(Extracted records)
---*---

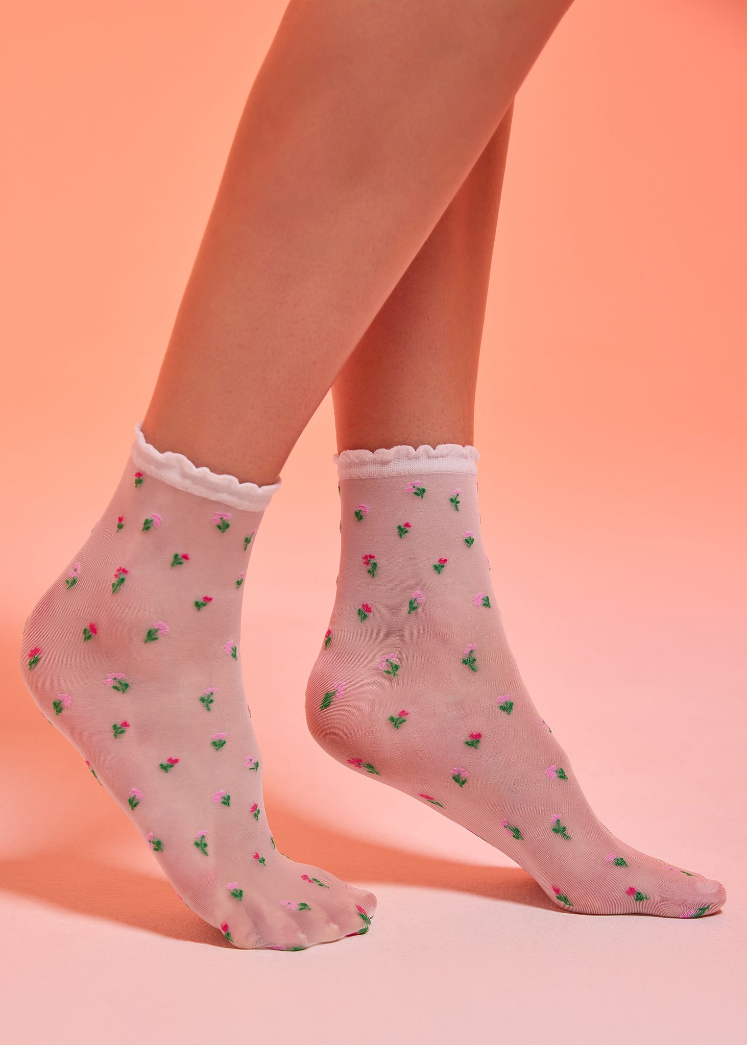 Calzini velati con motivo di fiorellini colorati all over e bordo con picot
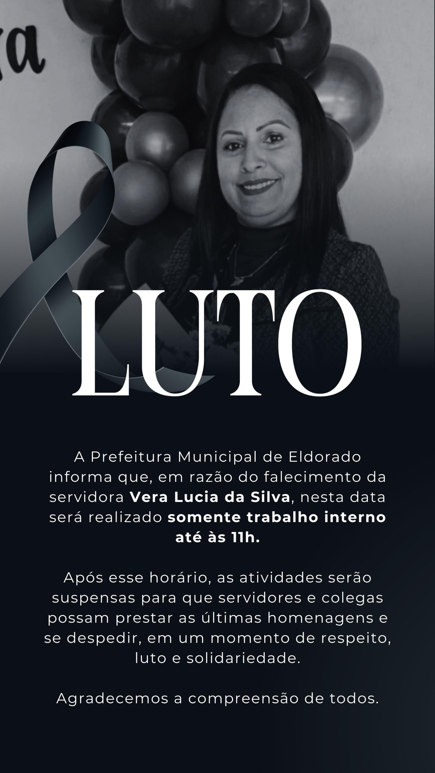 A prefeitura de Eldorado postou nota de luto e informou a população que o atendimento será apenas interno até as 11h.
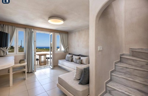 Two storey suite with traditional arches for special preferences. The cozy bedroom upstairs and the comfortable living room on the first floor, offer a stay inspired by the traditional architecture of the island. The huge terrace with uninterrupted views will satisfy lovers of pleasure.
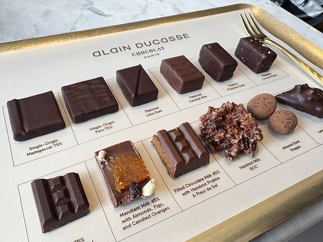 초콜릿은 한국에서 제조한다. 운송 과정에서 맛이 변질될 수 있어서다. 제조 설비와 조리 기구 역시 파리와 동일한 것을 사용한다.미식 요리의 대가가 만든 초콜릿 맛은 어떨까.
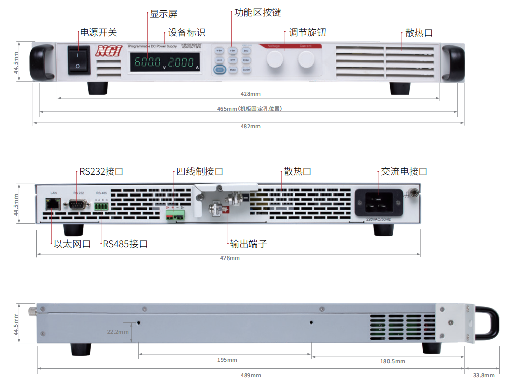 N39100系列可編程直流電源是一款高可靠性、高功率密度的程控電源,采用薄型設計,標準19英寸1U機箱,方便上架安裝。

---*---

▸ **Task to complete**
Repeat all of the entries above exactly. Keep pictures out of it.

▸ **Written reply**
 Calzini velati con motivo di fiorellini colorati all over e bordo con picot
 A prefeitura de Eldorado postou nota de luto e informou a população que o atendimento será apenas interno até as 11h.
 Two storey suite with traditional arches for special preferences. The cozy bedroom upstairs and the comfortable living room on the first floor, offer a stay inspired by the traditional architecture of the island. The huge terrace with uninterrupted views will satisfy lovers of pleasure.
 초콜릿은 한국에서 제조한다. 운송 과정에서 맛이 변질될 수 있어서다. 제조 설비와 조리 기구 역시 파리와 동일한 것을 사용한다.미식 요리의 대가가 만든 초콜릿 맛은 어떨까.
 N39100系列可編程直流電源是一款高可靠性、高功率密度的程控電源,采用薄型設計,標準19英寸1U機箱,方便上架安裝。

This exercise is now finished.